● **TASK DIRECTIONS**
The whole listing, pictures aside, should be reproduced exactly.

....

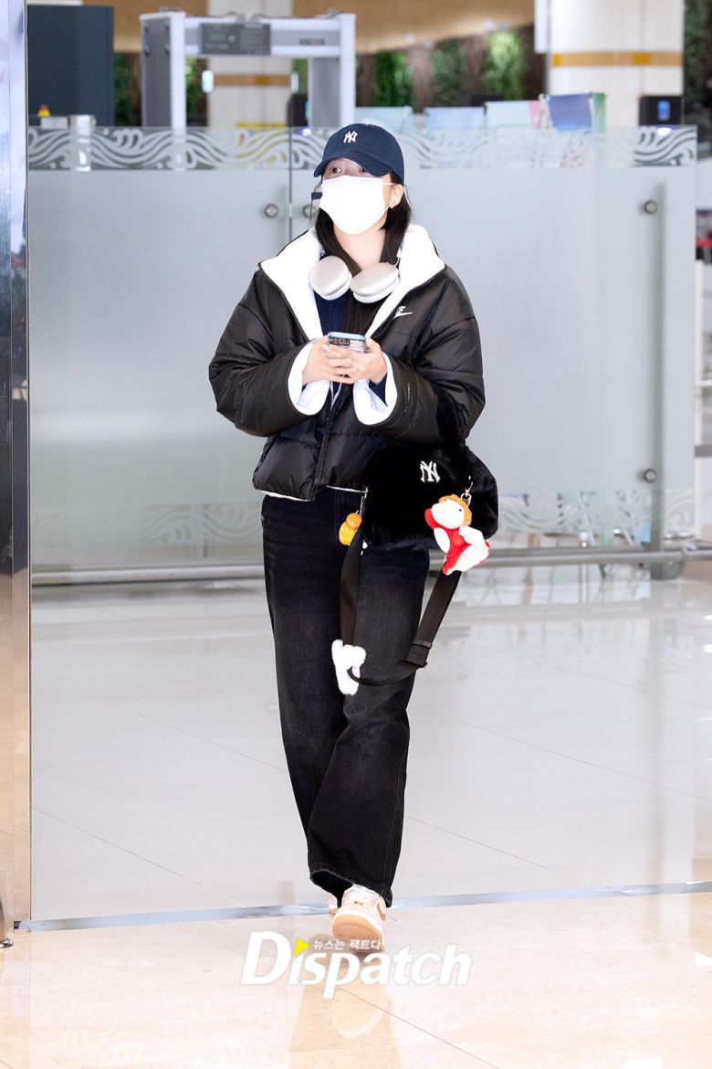 홍은채는 이날 블랙진에 숏패딩을 매치해 수수한 공항패션을 연출했다. 러블리한 미모도 돋보였다.
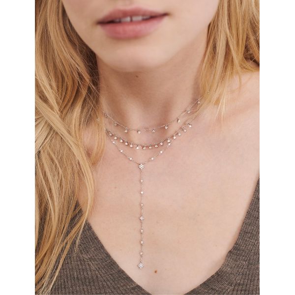 Ce collier marque la période de la Belle époque : son motif central s'inspire des lignes allongées des bijoux du début du 20ème siècle et tombe sensuellement au creux de votre décolleté.
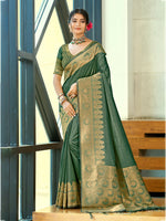 Sangam Prints Dark Green Assam Silk Woven Work Traditional Saree - Free Size
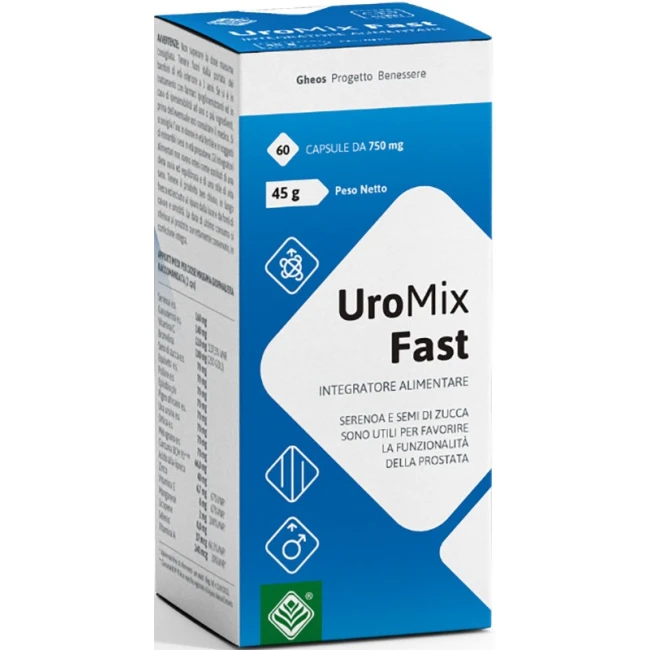 Uromix fast è un integratore alimentare ideato specificamente per l’uomo a base di estratti vegetali utili per favorire la funzionalità della prostata (serenoa e semi di zucca), la funzionalità delle vie urinarie e il drenaggio dei liquidi corporei (equiseto, uva ursina e ortica), con vitamina C, vitamina E, zinco, selenio e manganese, che contribuiscono alla protezione delle cellule dallo stress ossidativo.
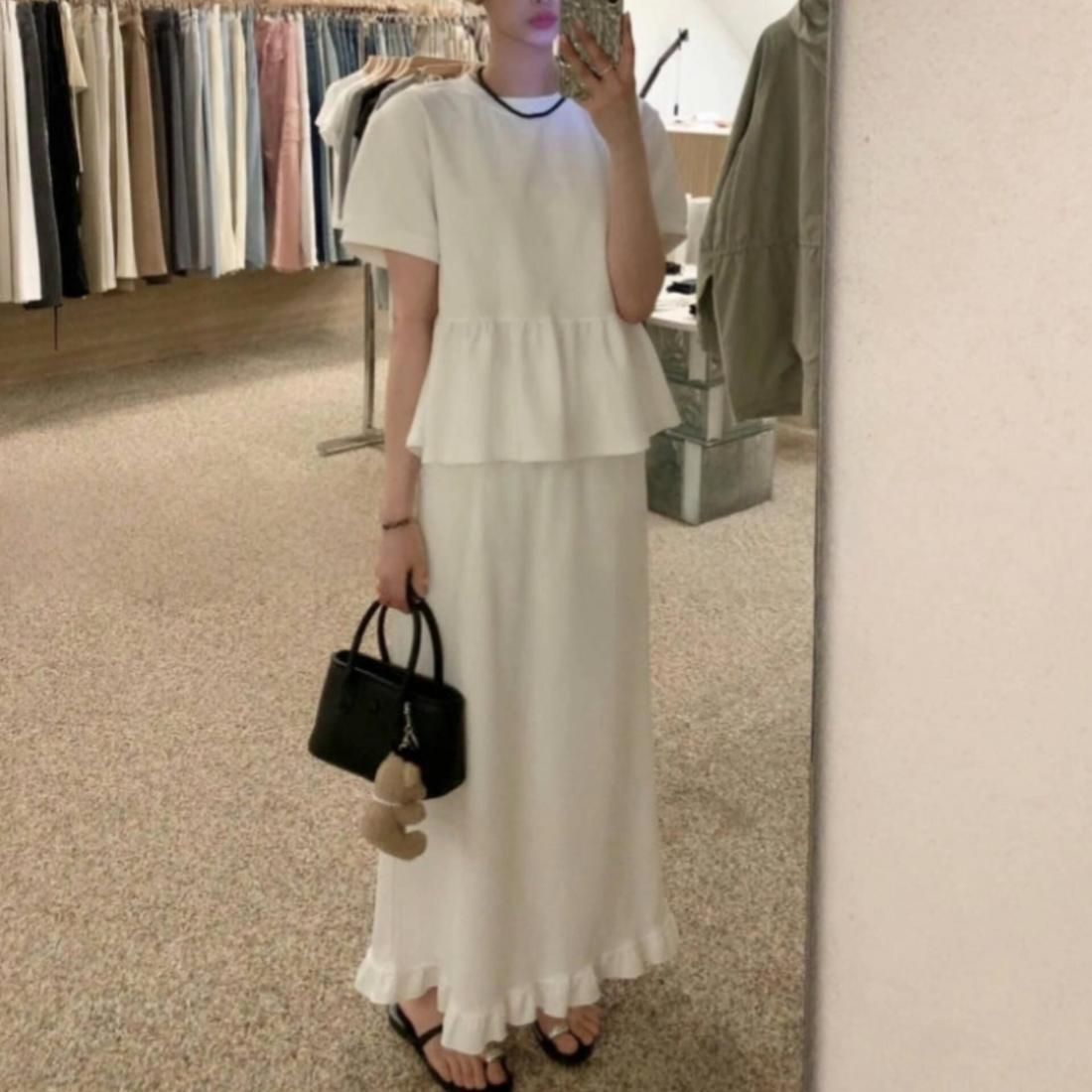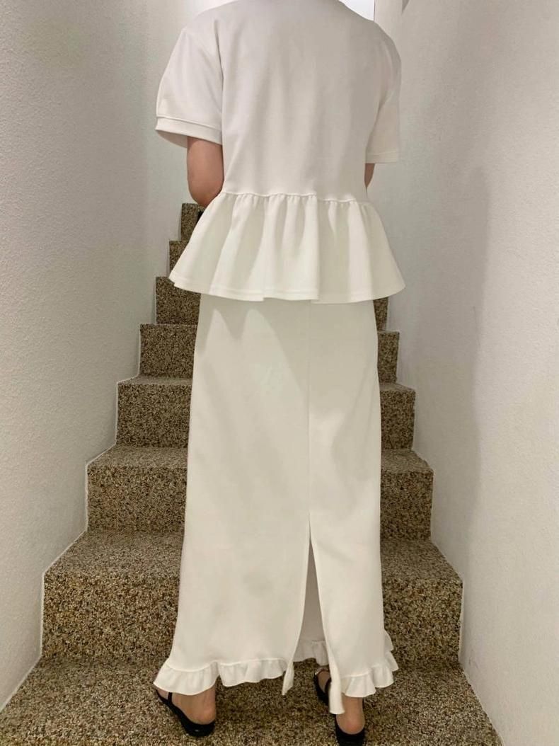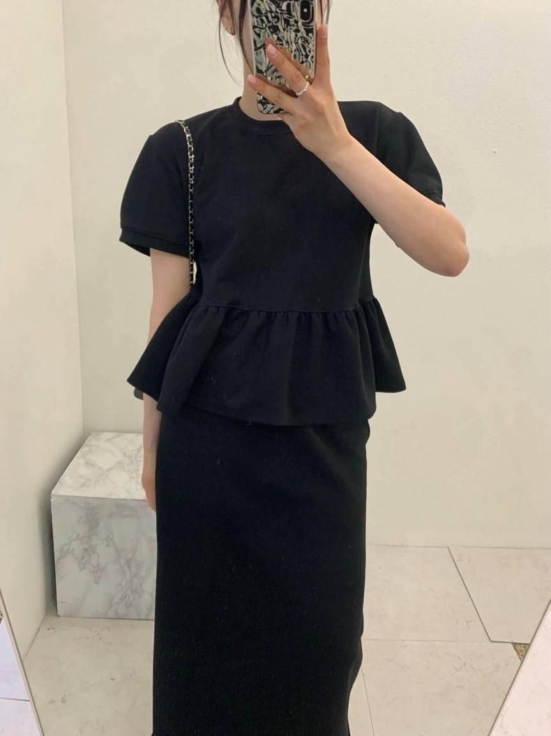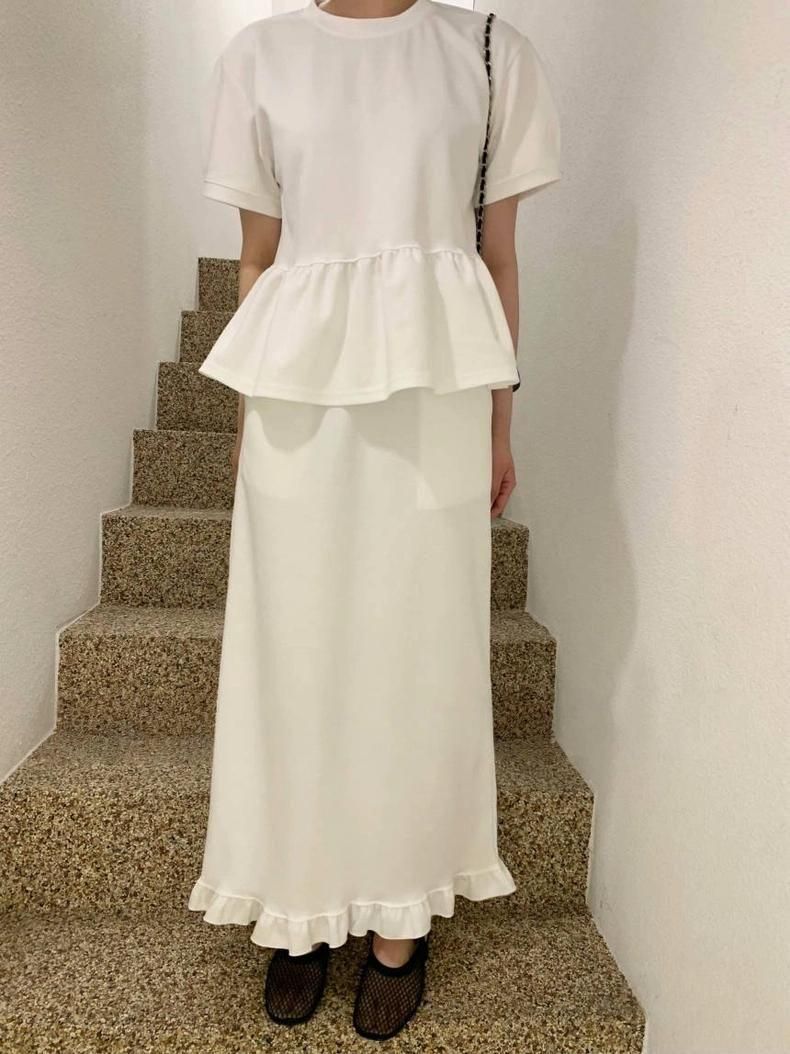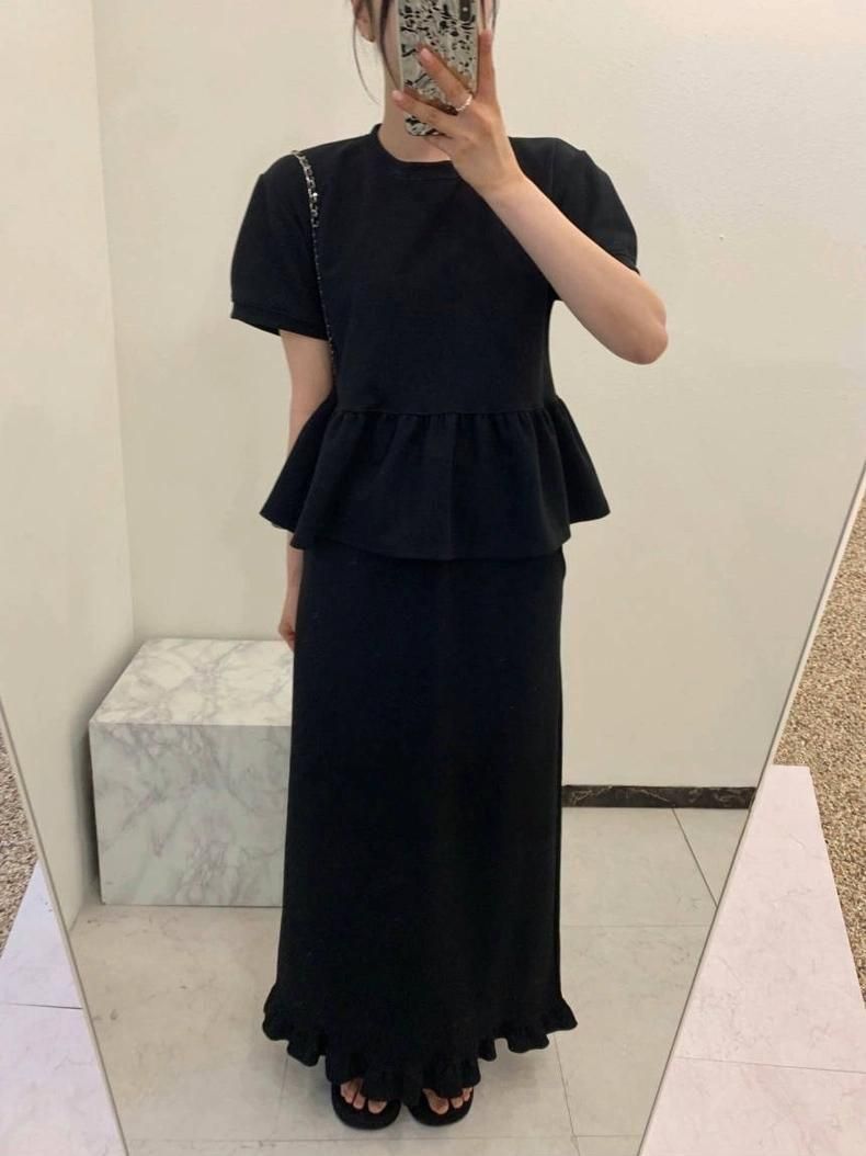 ペプラム×パフスリトップスとロングスカートのセットアップ
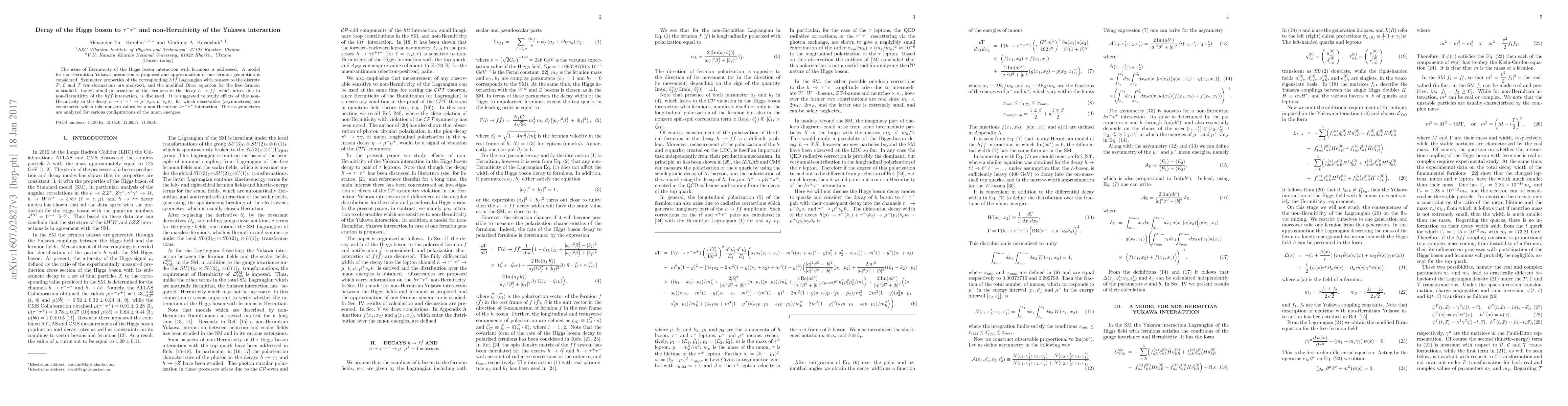 The issue of Hermiticity of the Higgs boson interaction with fermions is addressed. A model for non-Hermitian Yukawa interaction is proposed and approximation of one fermion generation is considered. Symmetry properties of the corresponding $h f \bar{f}$ Lagrangian with respect to the discrete P, C and T transformations are analyzed, and the modified Dirac equation for the free fermion is studied. Longitudinal polarization of the fermions in the decay $h \to f \bar{f}$, which arises due to non-Hermiticity of the $h f \bar{f}$ interaction, is discussed. It is suggested to study effects of this non-Hermiticity in the decay $h \to \tau^- \tau^+ \to \mu^- {\bar \nu}_\mu \nu_\tau \, \mu^+ \nu_\mu {\bar \nu}_\tau$, for which observables (asymmetries) are constructed which take nonzero values for a non-Hermitian $h \tau^- \tau^+$ interaction. These asymmetries are analyzed for various configurations of the muon energies.

....

● **ANSWER BOX**
 홍은채는 이날 블랙진에 숏패딩을 매치해 수수한 공항패션을 연출했다. 러블리한 미모도 돋보였다.
 Ce collier marque la période de la Belle époque : son motif central s'inspire des lignes allongées des bijoux du début du 20ème siècle et tombe sensuellement au creux de votre décolleté.
 Sangam Prints Dark Green Assam Silk Woven Work Traditional Saree - Free Size
 Uromix fast è un integratore alimentare ideato specificamente per l’uomo a base di estratti vegetali utili per favorire la funzionalità della prostata (serenoa e semi di zucca), la funzionalità delle vie urinarie e il drenaggio dei liquidi corporei (equiseto, uva ursina e ortica), con vitamina C, vitamina E, zinco, selenio e manganese, che contribuiscono alla protezione delle cellule dallo stress ossidativo.
 ペプラム×パフスリトップスとロングスカートのセットアップ
 The issue of Hermiticity of the Higgs boson interaction with fermions is addressed. A model for non-Hermitian Yukawa interaction is proposed and approximation of one fermion generation is considered. Symmetry properties of the corresponding $h f \bar{f}$ Lagrangian with respect to the discrete P, C and T transformations are analyzed, and the modified Dirac equation for the free fermion is studied. Longitudinal polarization of the fermions in the decay $h \to f \bar{f}$, which arises due to non-Hermiticity of the $h f \bar{f}$ interaction, is discussed. It is suggested to study effects of this non-Hermiticity in the decay $h \to \tau^- \tau^+ \to \mu^- {\bar \nu}_\mu \nu_\tau \, \mu^+ \nu_\mu {\bar \nu}_\tau$, for which observables (asymmetries) are constructed which take nonzero values for a non-Hermitian $h \tau^- \tau^+$ interaction. These asymmetries are analyzed for various configurations of the muon energies.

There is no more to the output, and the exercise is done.